[[ Dataset records, beginning ]]

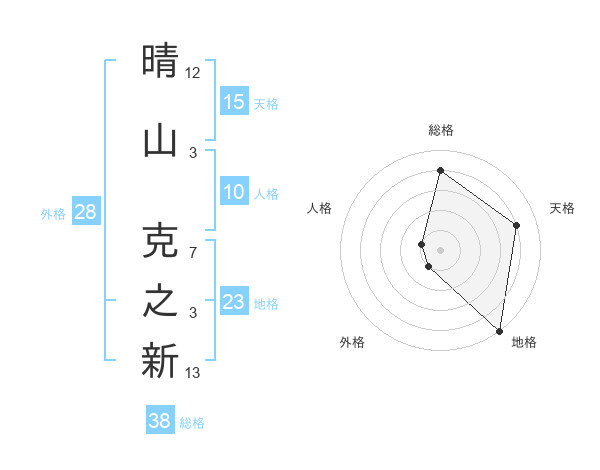 晴山 克之新さんの総格は38画の4点!
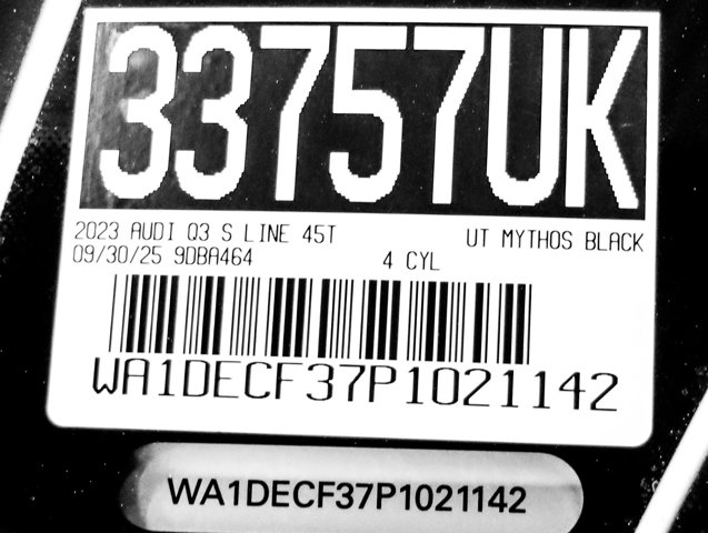 SUMMER SALES CLEARANCE EVENT!, AUDI ONTARIO, ONE OWNER, S LINE PACKAGE, Alarm w/Motion Sensor, Audi Advanced Key, Audi smartphone interface (Apple CarPlay/Android Auto), Auto-Dimming Power-Folding Exterior Mirrors, Convenience Package, Driver Seat Memory, Exterior Parking Camera Rear, Front dual zone A/C, Front fog lights, Heated door mirrors, Heated Front Bucket Seats, Leather Seating Surfaces, LED Interior Lighting Package, Power Liftgate, Power moonroof: Panoramic, Rain sensing wipers, SiriusXM w/360L, Wheels: 18 5-V-Spoke-S Design. S Line quattro Q3 Clean CARFAX. Mythos Black Metallic 2023 Audi Premium quattro 8-Speed Automatic with Tiptronic 2.0L 4-Cylinder TFSIRecent Arrival! 21/28 City/Highway MPG
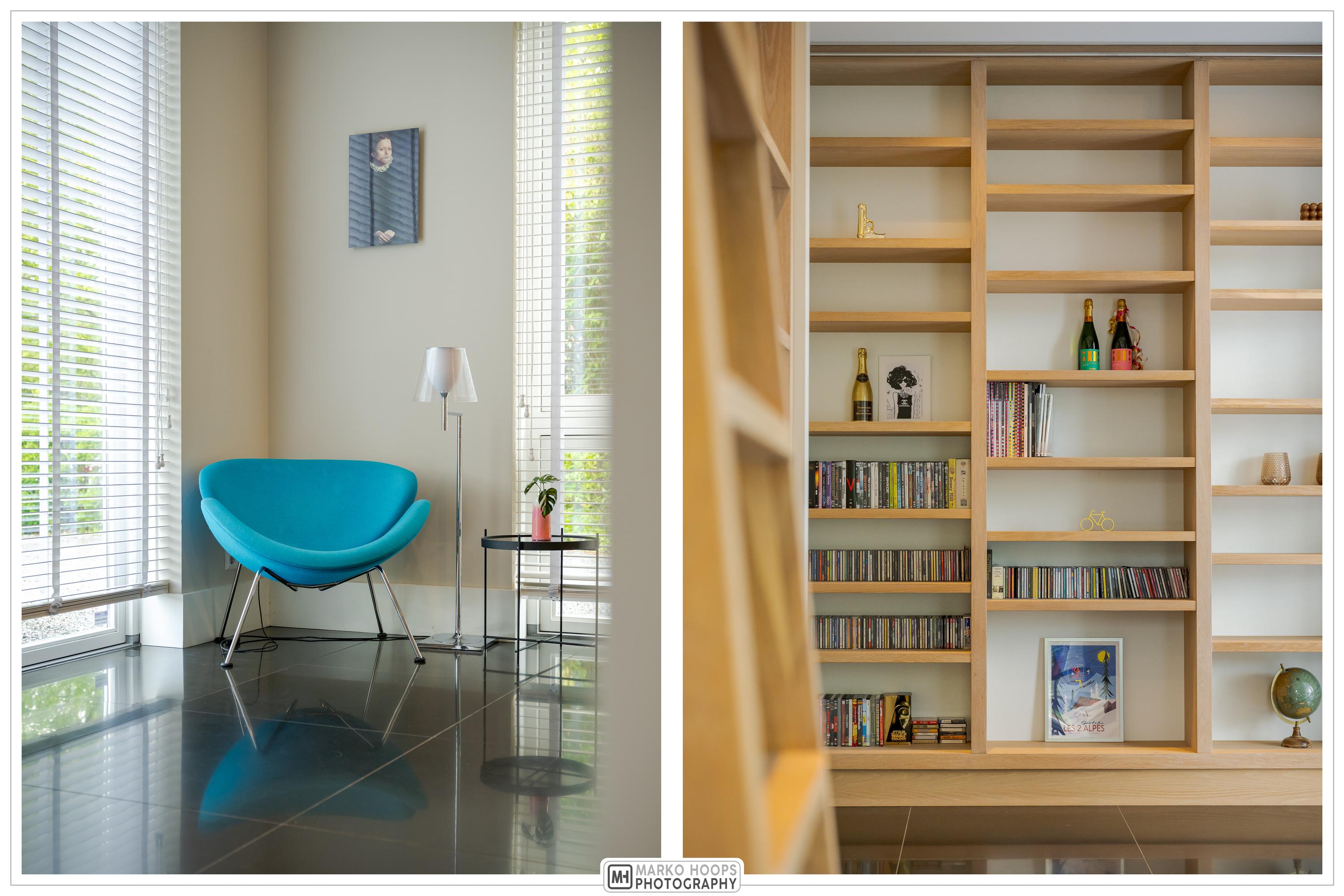 The living room has a light oak floor with a modern fireplace (wood-burning), high windows and double doors to the terrace, allowing light to enter from all sides at any time of the day and a view of the surrounding garden. The kitchen and study can be separated from the living room by modern sliding doors, but when opened, these rooms form one whole. The floor in the kitchen and study are made of bluestone, which together with the oak elements and colors create a beautiful effect. The office/library is spacious and has a built-in L-shaped book wall.
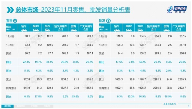 零售方面,據(jù)乘聯(lián)會統(tǒng)計,2023年11月,乘用車市場零售達到208.0萬輛,同比增長26.0%,環(huán)比增長2.4%。今年累計零售1934.5萬輛,同比增長5.3%。
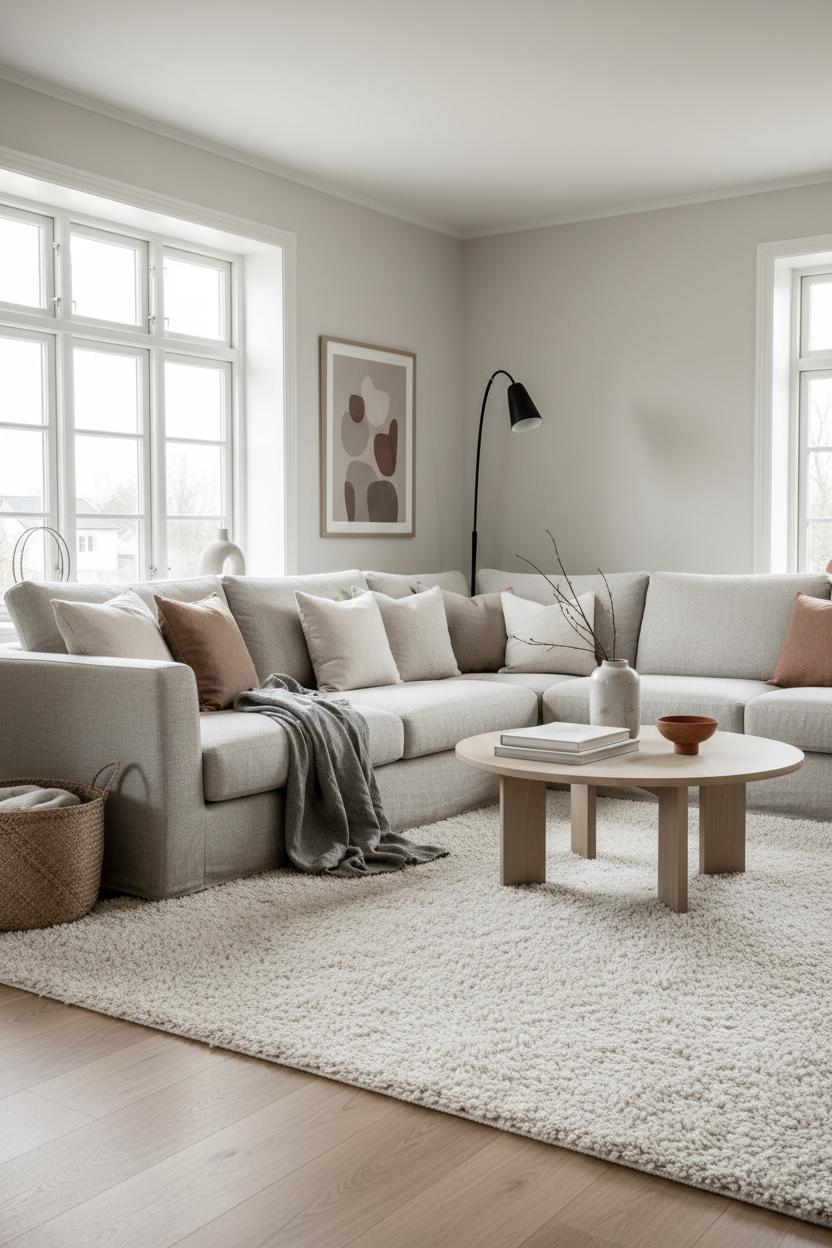 Texture is where the coziness blooms. A plush wool area rug underfoot adds instant quiet and comfort, visually anchoring your seating while inviting slow mornings. Toss in a linen throw pillow set for a different weave and weight—crumpled in the best way—and keep the palette tonal so the eye can rest. For contrast that still suits a minimalist living room, a black arc floor lamp introduces a sculptural curve and a hint of graphic definition, like eyeliner for the space. On the walls, choose neutral wall art with organic forms or soft landscapes; it whispers rather than shouts, tying back to the rooted, hygge style vibe. A few branches in a stoneware vase, a stack of well-loved books, and plenty of negative space keep things airy and intentional. The goal isn’t to fill every corner, but to let each piece breathe—so you feel it, not just see it. With natural materials and earthy tones leading the way, your Scandinavian decor becomes more than a look; it becomes a mood, a daily ritual of quiet that makes home feel like a gentle retreat.

[[ Dataset records, end ]]

### Action item
Pictures aside, reproduce all of the material above without alteration.

### Answer area
 晴山 克之新さんの総格は38画の4点!
 SUMMER SALES CLEARANCE EVENT!, AUDI ONTARIO, ONE OWNER, S LINE PACKAGE, Alarm w/Motion Sensor, Audi Advanced Key, Audi smartphone interface (Apple CarPlay/Android Auto), Auto-Dimming Power-Folding Exterior Mirrors, Convenience Package, Driver Seat Memory, Exterior Parking Camera Rear, Front dual zone A/C, Front fog lights, Heated door mirrors, Heated Front Bucket Seats, Leather Seating Surfaces, LED Interior Lighting Package, Power Liftgate, Power moonroof: Panoramic, Rain sensing wipers, SiriusXM w/360L, Wheels: 18 5-V-Spoke-S Design. S Line quattro Q3 Clean CARFAX. Mythos Black Metallic 2023 Audi Premium quattro 8-Speed Automatic with Tiptronic 2.0L 4-Cylinder TFSIRecent Arrival! 21/28 City/Highway MPG
 The living room has a light oak floor with a modern fireplace (wood-burning), high windows and double doors to the terrace, allowing light to enter from all sides at any time of the day and a view of the surrounding garden. The kitchen and study can be separated from the living room by modern sliding doors, but when opened, these rooms form one whole. The floor in the kitchen and study are made of bluestone, which together with the oak elements and colors create a beautiful effect. The office/library is spacious and has a built-in L-shaped book wall.
 零售方面,據(jù)乘聯(lián)會統(tǒng)計,2023年11月,乘用車市場零售達到208.0萬輛,同比增長26.0%,環(huán)比增長2.4%。今年累計零售1934.5萬輛,同比增長5.3%。
 Texture is where the coziness blooms. A plush wool area rug underfoot adds instant quiet and comfort, visually anchoring your seating while inviting slow mornings. Toss in a linen throw pillow set for a different weave and weight—crumpled in the best way—and keep the palette tonal so the eye can rest. For contrast that still suits a minimalist living room, a black arc floor lamp introduces a sculptural curve and a hint of graphic definition, like eyeliner for the space. On the walls, choose neutral wall art with organic forms or soft landscapes; it whispers rather than shouts, tying back to the rooted, hygge style vibe. A few branches in a stoneware vase, a stack of well-loved books, and plenty of negative space keep things airy and intentional. The goal isn’t to fill every corner, but to let each piece breathe—so you feel it, not just see it. With natural materials and earthy tones leading the way, your Scandinavian decor becomes more than a look; it becomes a mood, a daily ritual of quiet that makes home feel like a gentle retreat.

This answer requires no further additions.